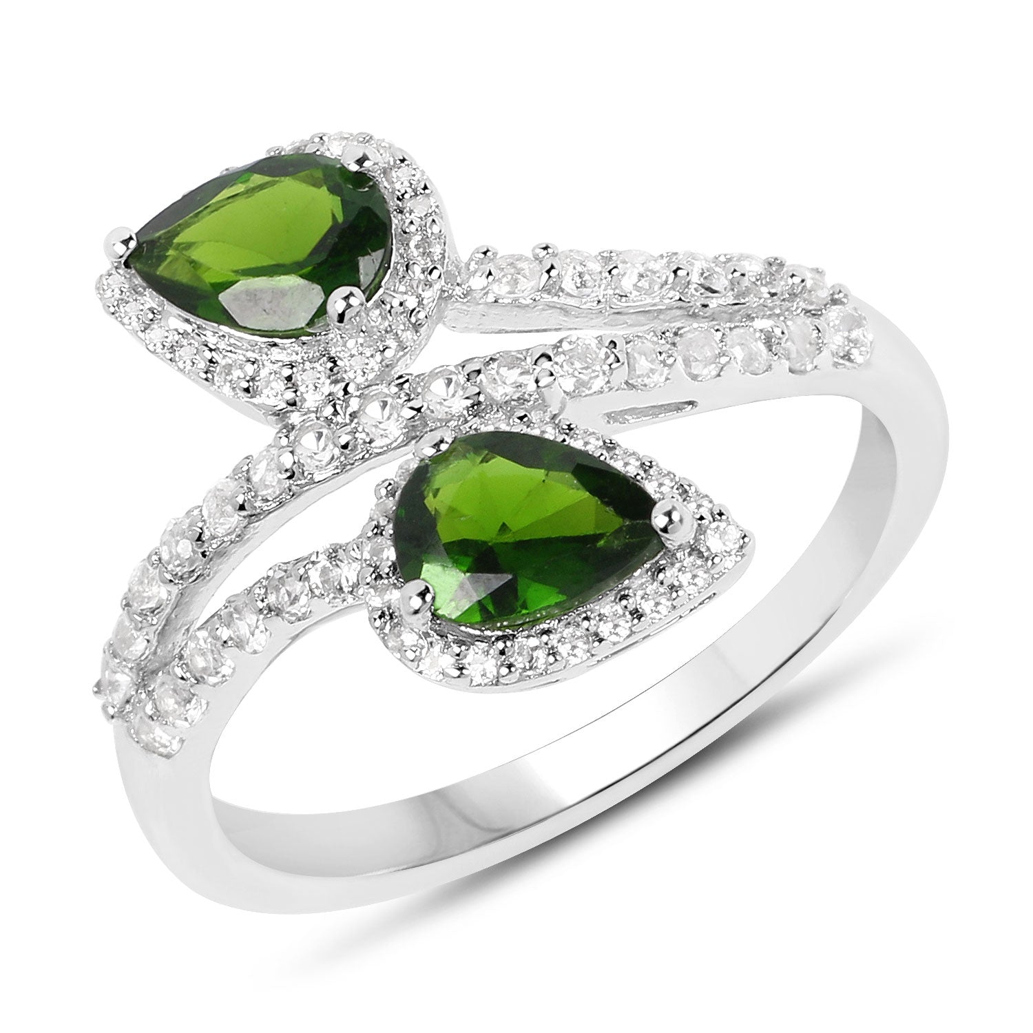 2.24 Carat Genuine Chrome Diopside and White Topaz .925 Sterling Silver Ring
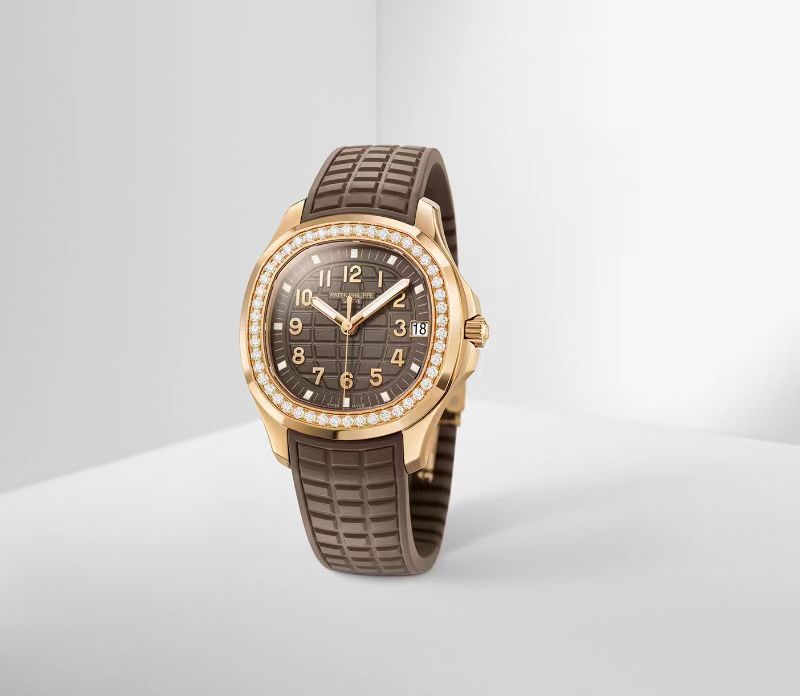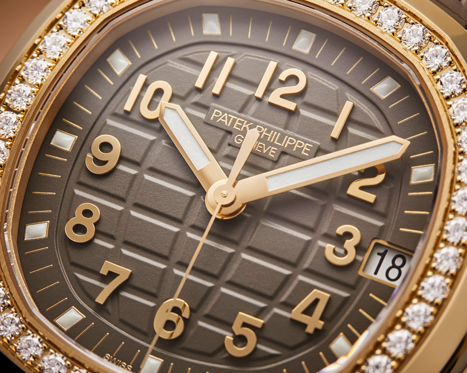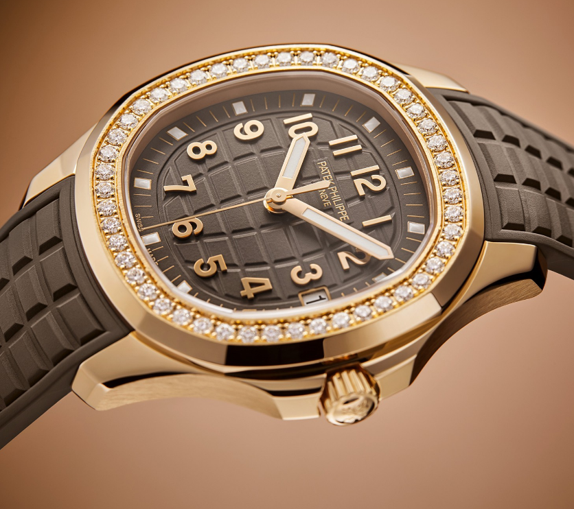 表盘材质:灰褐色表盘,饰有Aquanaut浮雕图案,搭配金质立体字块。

* * *

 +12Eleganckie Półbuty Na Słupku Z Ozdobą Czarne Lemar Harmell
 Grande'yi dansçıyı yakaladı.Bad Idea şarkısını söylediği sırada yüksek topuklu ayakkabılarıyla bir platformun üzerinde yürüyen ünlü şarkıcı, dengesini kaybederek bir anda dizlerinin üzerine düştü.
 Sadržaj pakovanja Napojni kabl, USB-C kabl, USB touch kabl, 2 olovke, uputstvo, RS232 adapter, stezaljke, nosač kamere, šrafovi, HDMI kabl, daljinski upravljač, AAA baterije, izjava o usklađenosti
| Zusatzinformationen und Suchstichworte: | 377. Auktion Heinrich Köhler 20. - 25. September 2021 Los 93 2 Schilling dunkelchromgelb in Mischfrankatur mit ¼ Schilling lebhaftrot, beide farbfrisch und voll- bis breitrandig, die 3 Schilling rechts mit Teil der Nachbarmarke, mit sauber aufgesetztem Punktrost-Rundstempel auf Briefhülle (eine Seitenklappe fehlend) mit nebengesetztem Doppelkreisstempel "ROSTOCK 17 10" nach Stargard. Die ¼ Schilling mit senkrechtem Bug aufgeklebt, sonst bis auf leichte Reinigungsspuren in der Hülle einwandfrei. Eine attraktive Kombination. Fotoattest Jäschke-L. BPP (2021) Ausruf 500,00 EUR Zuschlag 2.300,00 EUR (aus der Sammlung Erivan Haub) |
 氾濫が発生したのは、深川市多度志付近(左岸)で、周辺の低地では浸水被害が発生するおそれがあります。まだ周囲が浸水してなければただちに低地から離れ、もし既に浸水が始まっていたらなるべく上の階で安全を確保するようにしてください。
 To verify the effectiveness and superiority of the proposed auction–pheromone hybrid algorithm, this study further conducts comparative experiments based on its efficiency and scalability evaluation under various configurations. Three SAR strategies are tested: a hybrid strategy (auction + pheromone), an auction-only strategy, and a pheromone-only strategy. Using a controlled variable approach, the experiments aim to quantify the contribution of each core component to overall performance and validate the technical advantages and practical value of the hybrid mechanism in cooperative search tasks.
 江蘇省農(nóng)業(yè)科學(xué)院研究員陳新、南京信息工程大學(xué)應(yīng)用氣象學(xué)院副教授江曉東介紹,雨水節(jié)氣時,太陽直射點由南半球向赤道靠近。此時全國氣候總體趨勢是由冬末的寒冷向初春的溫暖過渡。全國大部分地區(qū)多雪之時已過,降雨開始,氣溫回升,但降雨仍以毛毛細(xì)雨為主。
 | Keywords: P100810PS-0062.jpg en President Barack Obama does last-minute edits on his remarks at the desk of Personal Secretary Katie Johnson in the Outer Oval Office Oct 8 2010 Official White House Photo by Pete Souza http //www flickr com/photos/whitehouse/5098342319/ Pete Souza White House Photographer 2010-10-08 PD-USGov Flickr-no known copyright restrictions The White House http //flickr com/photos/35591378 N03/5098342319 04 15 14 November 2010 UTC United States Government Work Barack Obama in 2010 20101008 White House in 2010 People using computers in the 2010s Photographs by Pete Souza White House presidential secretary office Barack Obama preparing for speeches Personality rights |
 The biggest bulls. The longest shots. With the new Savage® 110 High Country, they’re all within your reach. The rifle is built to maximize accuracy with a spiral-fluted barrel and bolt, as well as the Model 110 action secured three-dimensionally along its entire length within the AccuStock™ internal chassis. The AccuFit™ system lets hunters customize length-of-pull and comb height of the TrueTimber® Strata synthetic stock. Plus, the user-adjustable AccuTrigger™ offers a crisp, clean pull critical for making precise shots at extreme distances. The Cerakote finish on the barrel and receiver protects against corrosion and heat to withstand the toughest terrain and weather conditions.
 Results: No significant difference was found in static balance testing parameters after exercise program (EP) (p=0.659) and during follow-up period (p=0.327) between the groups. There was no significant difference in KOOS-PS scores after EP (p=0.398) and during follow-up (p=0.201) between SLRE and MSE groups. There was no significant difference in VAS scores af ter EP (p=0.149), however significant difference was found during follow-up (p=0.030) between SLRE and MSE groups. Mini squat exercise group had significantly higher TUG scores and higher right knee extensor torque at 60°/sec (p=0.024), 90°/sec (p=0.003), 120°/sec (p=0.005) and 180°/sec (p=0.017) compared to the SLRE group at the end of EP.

▶ **Exercise goal**
Beginning with the line above that contains "Grande'yi dansçıyı yakaladı.Bad", copy each line exactly up to and including the line that contains "氾濫が発生したのは、深川市多", and go no further.

▶ **Response box**
 Grande'yi dansçıyı yakaladı.Bad Idea şarkısını söylediği sırada yüksek topuklu ayakkabılarıyla bir platformun üzerinde yürüyen ünlü şarkıcı, dengesini kaybederek bir anda dizlerinin üzerine düştü.
 Sadržaj pakovanja Napojni kabl, USB-C kabl, USB touch kabl, 2 olovke, uputstvo, RS232 adapter, stezaljke, nosač kamere, šrafovi, HDMI kabl, daljinski upravljač, AAA baterije, izjava o usklađenosti
| Zusatzinformationen und Suchstichworte: | 377. Auktion Heinrich Köhler 20. - 25. September 2021 Los 93 2 Schilling dunkelchromgelb in Mischfrankatur mit ¼ Schilling lebhaftrot, beide farbfrisch und voll- bis breitrandig, die 3 Schilling rechts mit Teil der Nachbarmarke, mit sauber aufgesetztem Punktrost-Rundstempel auf Briefhülle (eine Seitenklappe fehlend) mit nebengesetztem Doppelkreisstempel "ROSTOCK 17 10" nach Stargard. Die ¼ Schilling mit senkrechtem Bug aufgeklebt, sonst bis auf leichte Reinigungsspuren in der Hülle einwandfrei. Eine attraktive Kombination. Fotoattest Jäschke-L. BPP (2021) Ausruf 500,00 EUR Zuschlag 2.300,00 EUR (aus der Sammlung Erivan Haub) |
 氾濫が発生したのは、深川市多度志付近(左岸)で、周辺の低地では浸水被害が発生するおそれがあります。まだ周囲が浸水してなければただちに低地から離れ、もし既に浸水が始まっていたらなるべく上の階で安全を確保するようにしてください。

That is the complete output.